Santos, São Paulo; Brazil;
- Channels: Analog: 5 (VHF);

Programming
- Affiliations: TV Paulista

Ownership
- Owner: Organizações Victor Costa; (Rebratel - Rede Brasileira de Televisão S.A.);

History
- First air date: November 15, 1957
- Last air date: 1960

Technical information
- Licensing authority: MiniCom

= TV Santos =

TV Santos was the first inland television station in Brazil and also the first outside of a state capital, as well as the fourth in the state of São Paulo overall. Headquartered in Santos, the station operated on channel 5 and was owned by Organizações Victor Costa, owners of TV Paulista in São Paulo.

==History==
TV Santos emerged thanks to an agreement between Rádio Clube de Santos and Organizações Victor Costa, owner of TV Paulista, at a time when 4,000 television sets installed in Santos received the signals of the three stations coming from the state capital with precarious reception. The transmitter was installed at Serra do Mar, with its tower at Ilha Porchat and also the first to operate entirely with Brazilian equipment, from local company Rebratel. It was formally inaugurated on November 15, 1957, with the participation of renowned national and international radio and television artists. The launch coincided with the 86th anniversary of the proclamation of the republic in Brazil. The inaugural broadcast ended at 11pm. OVC also had the plans to launch TV Excelsior on channel 9 in São Paulo, which ultimately launched in 1960 under the control of the Simonsen family.

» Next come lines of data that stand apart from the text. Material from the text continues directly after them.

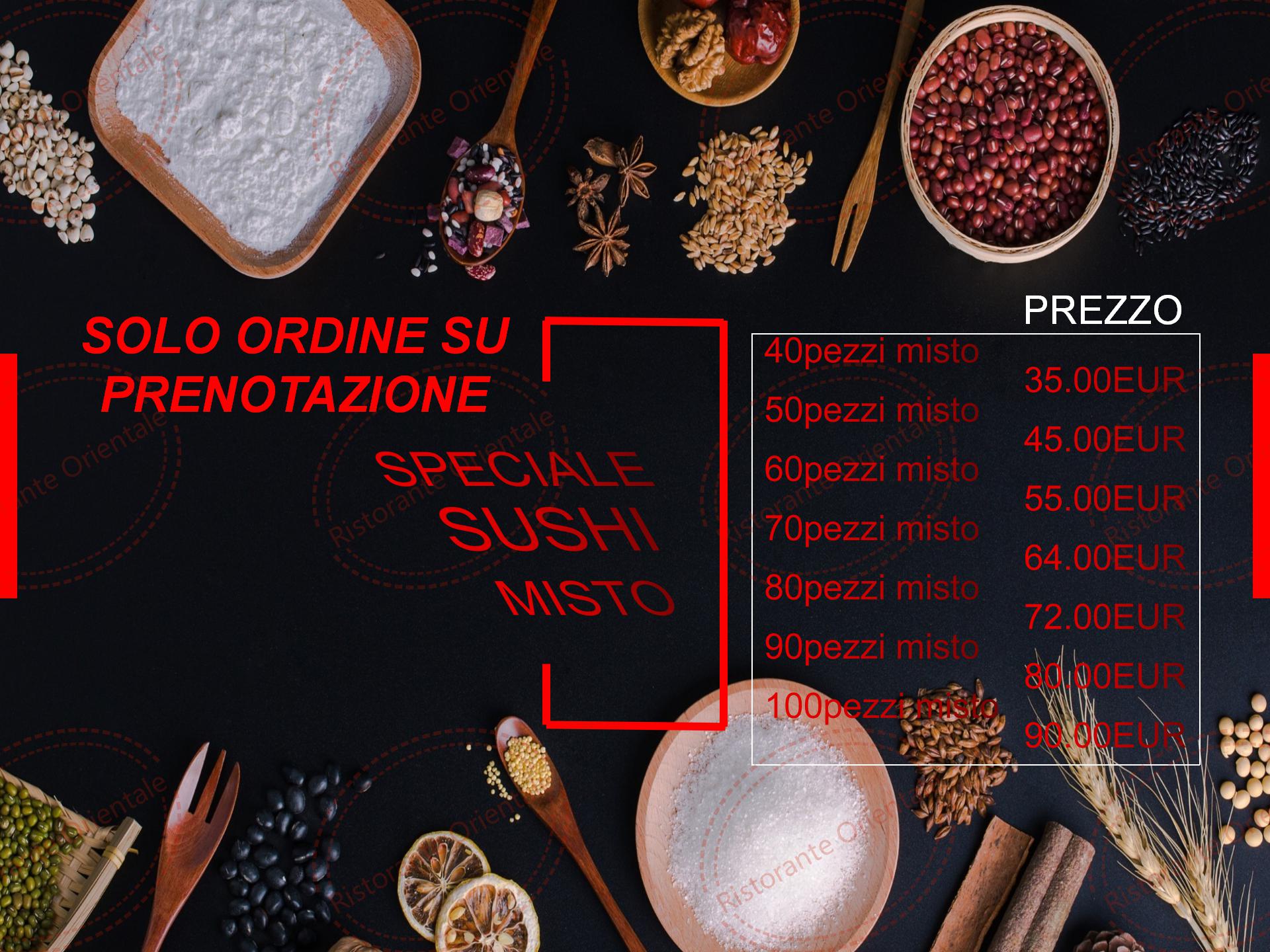 Il Ristorate Orientale di Cosenza ti propone un ricco menu di cucina orientale con prelibatezze di prima scelta della tradizione culinaria cinese e giapponese. Maestri cuochi, cucinano con amore e passione piatti sia a base di carne e pesce, sia a base di verdure. Ѐ anche possibile richiedere piatti interamente vegetariani o portate per bambini. Le proposte del menù comprendono sushi di ogni genere, con ampie porzioni, una ricca proposta di piatti di pesce e tempure ben fritte, involtini primavera, riso alla cantonese, riso con gamberi, fritti di pollo e maiale, carni e pesci alla piastra e il classico ed intramontabile gelato fritto.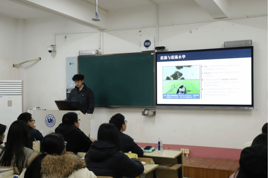 来自 24步青汉语言的邵琰媛同学在汇报中展示了自己对于外国文学的理解。来自2 4步青数学的王子铭同学,他以苏步青数学家精神为切入点,着重展示了数学分析中的一题多解,并且对周期函数的探索方法进行推广应用,体现了数学专业严谨钻研的精神气质。来自 24步青化学的柴苏航同学则着眼于有机合成化学这一课题。他在汇报中提到,有机化学的研究对象是碳化合物,是与生命有关的化学。来自24步青生物的蒋建豪围绕蓝藻水华与微囊藻毒素的生物学与生态学功能进行阐述。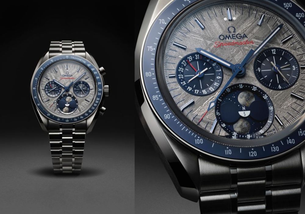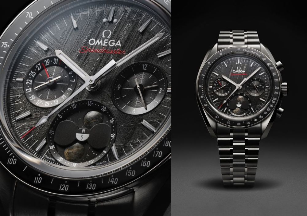 OMEGA歐米茄全新推出超霸系列月相隕石腕錶,錶徑43毫米腕錶系列提供2種不銹鋼款式選擇。每枚腕錶皆運用2種不同類型隕石材質,搭載全新歐米茄機芯,首次實現同時顯示北半球與南半球月相功能,致敬超霸系列登月傳奇,陪伴探索無限可能。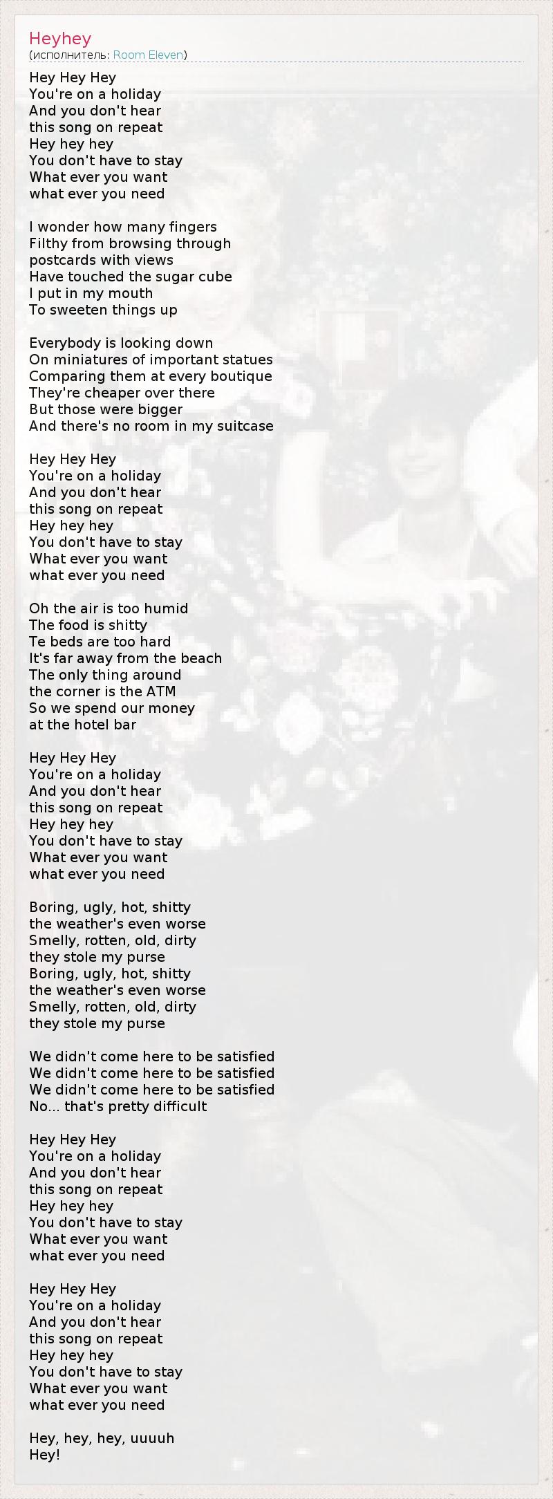 Hey Hey Hey You're on a holiday And you don't hear this song on repeat Hey hey hey You don't have to stay What ever you want what ever you need I wonder how many fingers Filthy from browsing through postcards with views Have touched the sugar cube I put in my mouth To sweeten things up Everybody is looking down On miniatures of important statues Comparing them at every boutique They're cheaper over there But those were bigger And there's no room in my suitcase Hey Hey Hey You're on a holiday And you don't hear this song on repeat Hey hey hey You don't have to stay What ever you want what ever you need Oh the air is too humid The food is shitty Te beds are too hard It's far away from the beach The only thing around the corner is the ATM So we spend our money at the hotel bar Hey Hey Hey You're on a holiday And you don't hear this song on repeat Hey hey hey You don't have to stay What ever you want what ever you need Boring, ugly, hot, shitty the weather's even worse Smelly, rotten, old, dirty they stole my purse Boring, ugly, hot, shitty the weather's even worse Smelly, rotten, old, dirty they stole my purse We didn't come here to be satisfied We didn't come here to be satisfied We didn't come here to be satisfied No... that's pretty difficult Hey Hey Hey You're on a holiday And you don't hear this song on repeat Hey hey hey You don't have to stay What ever you want what ever you need Hey Hey Hey You're on a holiday And you don't hear this song on repeat Hey hey hey You don't have to stay What ever you want what ever you need Hey, hey, hey, uuuuh Hey!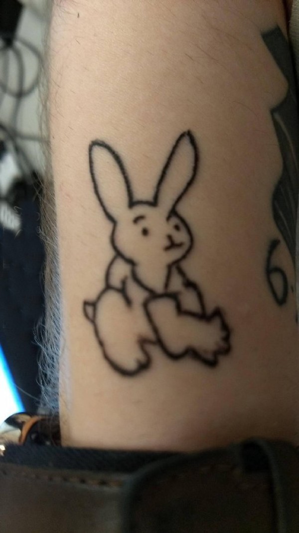 纹身卡通 男生手臂上黑色的兔子纹身图片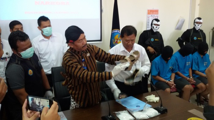 Badan Narkotika Nasional Propinsi (BNNP) Daerah Istimewa Yogyakarta (DIY) membekuk 3 tersangka dan mengamankan barang bukti sabu seberat 1,14 kg. Di dalam sandal, ada ruang palsu. Ketiga tersangka berinisial TA, RGS dan DP warga Cilacap, Jawa Tengah.

The station generated local programming in the morning and afternoon hours, relaying TV Paulista in the evening (at launching time, TV Paulista opened at 3pm). One of its early programs was Discopa Musical, sponsored by the local record store Discopa.

The station also aired news bulletins sponsored by Discopa, cartoons, musical programming and local content. On December 31, 1957, the station received a visit from Hebe Camargo, "the Star of São Paulo", who worked at TV Paulista at the time, and was set to host the New Year's special on Rádio Clube de Santos later that evening. That same day, the local programming started at approximately 11:30am and ended at 1:55pm. This constrained schedule would last until the expansion of its transmissions, whereas TV Santos would sign off at 2pm in order to give airtime to TV Paulista.

The station also paved way for Ofélia Anunciato's television cooking career, as well as other celebrities such as Manuel de Nóbrega and Chocolate (Show Panex com Chocolate).

The station was plagued by difficulties that also affected its sister radio station, which was later sold. The businessmen opted to end the local programming, becoming a mere relayer of TV Paulista in 1960. In 1964, when the military dictatorship started, there were concerns over a potential television station in Santos carrying "subversive ideology". TV Paulista was later sold to TV Globo becoming TV Globo São Paulo, and for almost thirty years, there was no locally generated television station.

Today, Globo has an affiliate in Santos, TV Tribuna.